Cardinal Giovanni Angelo Becciu is the highest-profile defendant in the Church's purchase of a 17,000 square-meter property in the upmarket area of ChelseaImage: Gregorio Borgia/AP/picture alliance

The biggest criminal trial in the Vatican's modern history, which involves a once-powerful cardinal, opened on Tuesday in a modified courtroom in the Vatican Museums.

Cardinal Giovanni Angelo Becciu is among 10 people accused in a financial scandal involving a loss-making Vatican property deal paid for with donation funds.

The trial follows a two-year probe into the Holy See's flawed €350 million ($412 million) London real estate venture.

The operation exposed the Vatican's opaque financial dealings and its structural dysfunction.

A 487-page indictment released earlier in July revealed huge bank transfers, text messages between collaborators from seized cell phones and bags of money changing hands along with secret meetings in luxury hotels.

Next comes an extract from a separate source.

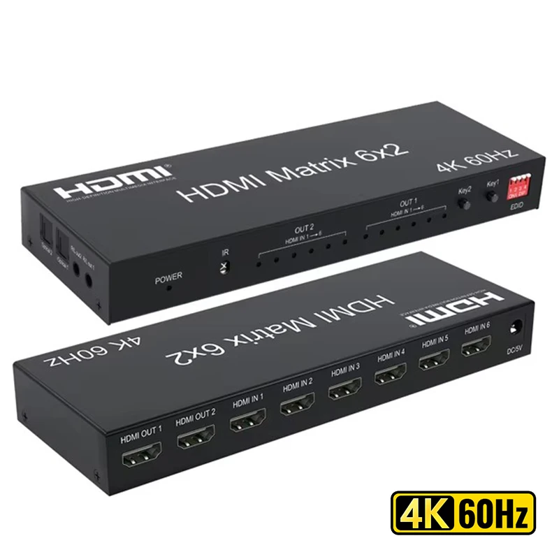 Conmutador de matriz HDMI 6x2, 4K, 60Hz, matriz HDMI, 6 en 2 salidas, divisor de conmutador de vídeo con Extractor de Audio óptico R/L para PC, Loptop TV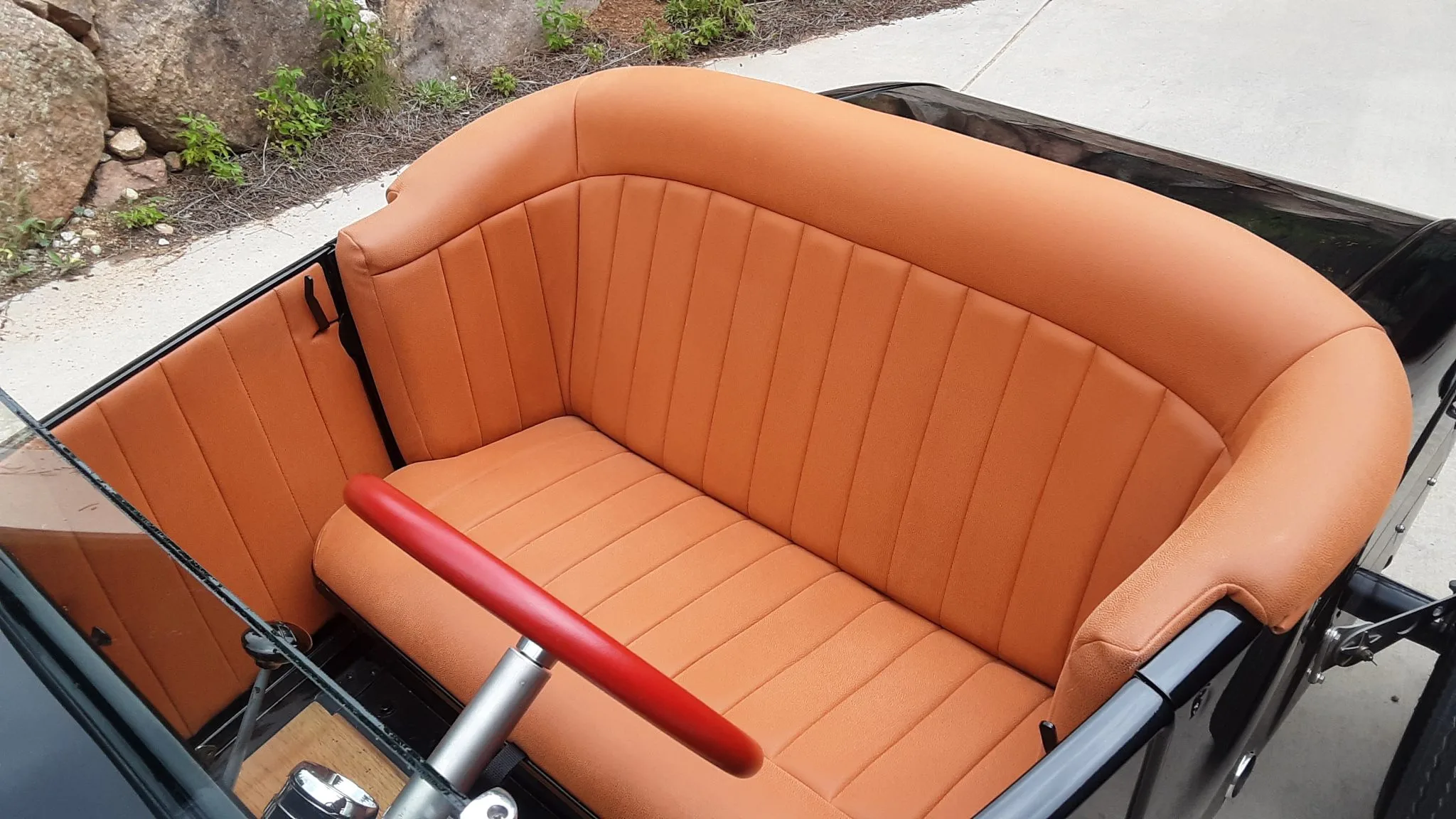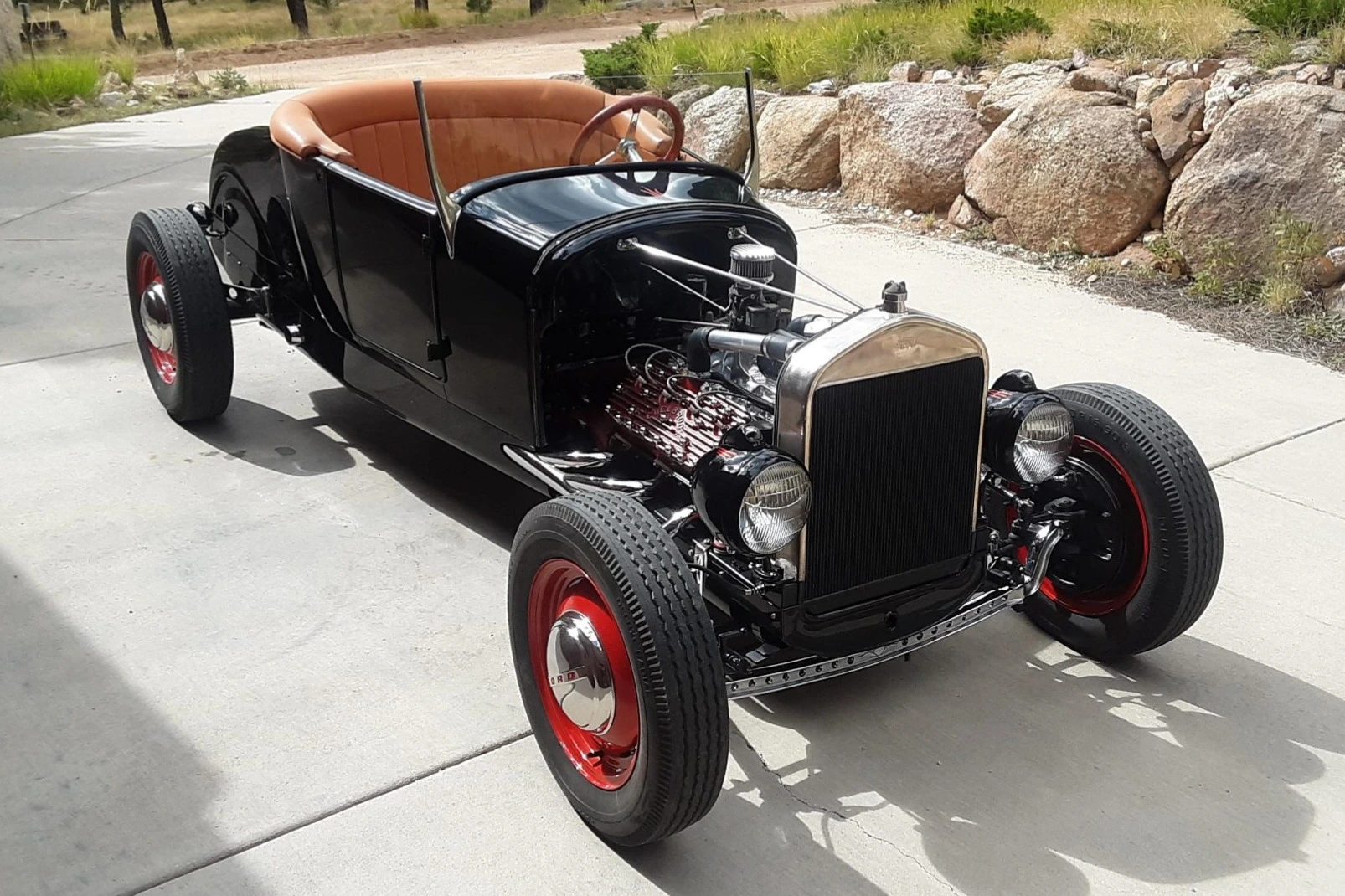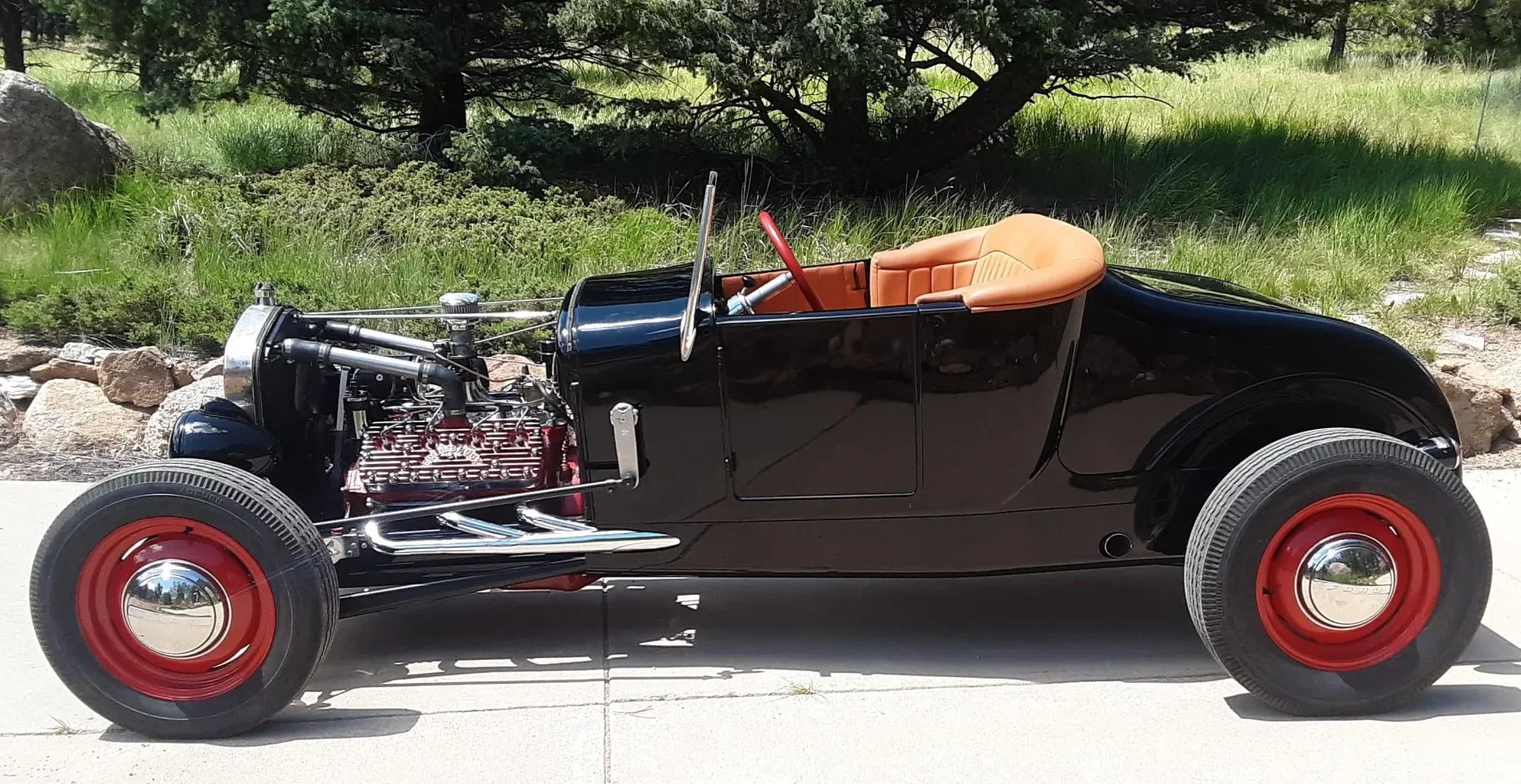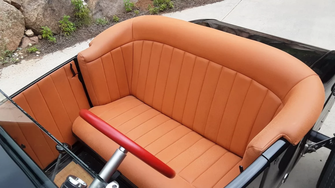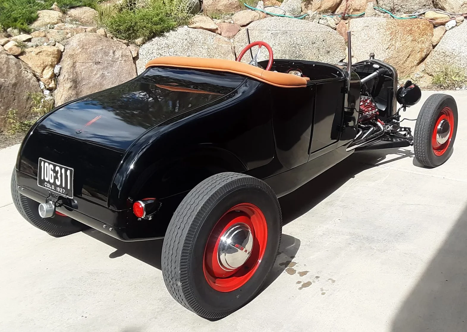 Ce Hot-Rod Tudor’27 n’est pas un Misfit mais simple et beau. Le V8 est équipé de culasses Edelbrock et la puissance passe par une transmission manuelle à trois vitesses. La voiture est finie en noir sur une sellerie beige et dispose d’un essieu avant Super Bell à poutre en I, et de planchers en chêne.

The primary defendants are "actors in a rotten predatory and lucrative system, sometimes made possible thanks to limited, but very incisive, complicity and internal connivance," the prosecutors wrote.

Cardinal in the dock

It is the first time in modern history that a cardinal has been indicted by Vatican criminal prosecutors.

Seventy-three-year-old Becciu is the highest-profile defendant in the Church's purchase of the 17,000 square-meter property in the upmarket area of Chelsea. 

Becciu, who was a deputy in the Vatican Secretariat of State, was fired by Pope Francis in September last year and was also stripped of his privileges as cardinal.

He claims that he is an innocent victim of a plot. 

The case against Becciu also includes charges of embezzlement, abuse of office and witness tampering, along with separate allegations over hundreds of thousands of euros of church funds paid to his brother's charity.

It would have been impossible for a cardinal to be in the dock in the Vatican, which has its own judicial system and a prison, until less than three months ago.

But a law changed by Pope Francis now allows Vatican-based cardinals and bishops to be prosecuted and judged by the Holy See's lay criminal tribunal as long as the pontiff signs off on that. 

Earlier, Vatican cardinals could only be judged by their peers in a court of three fellow cardinals.

The trial is likely to be postponed for several months after the first hearings on Tuesday and Wednesday.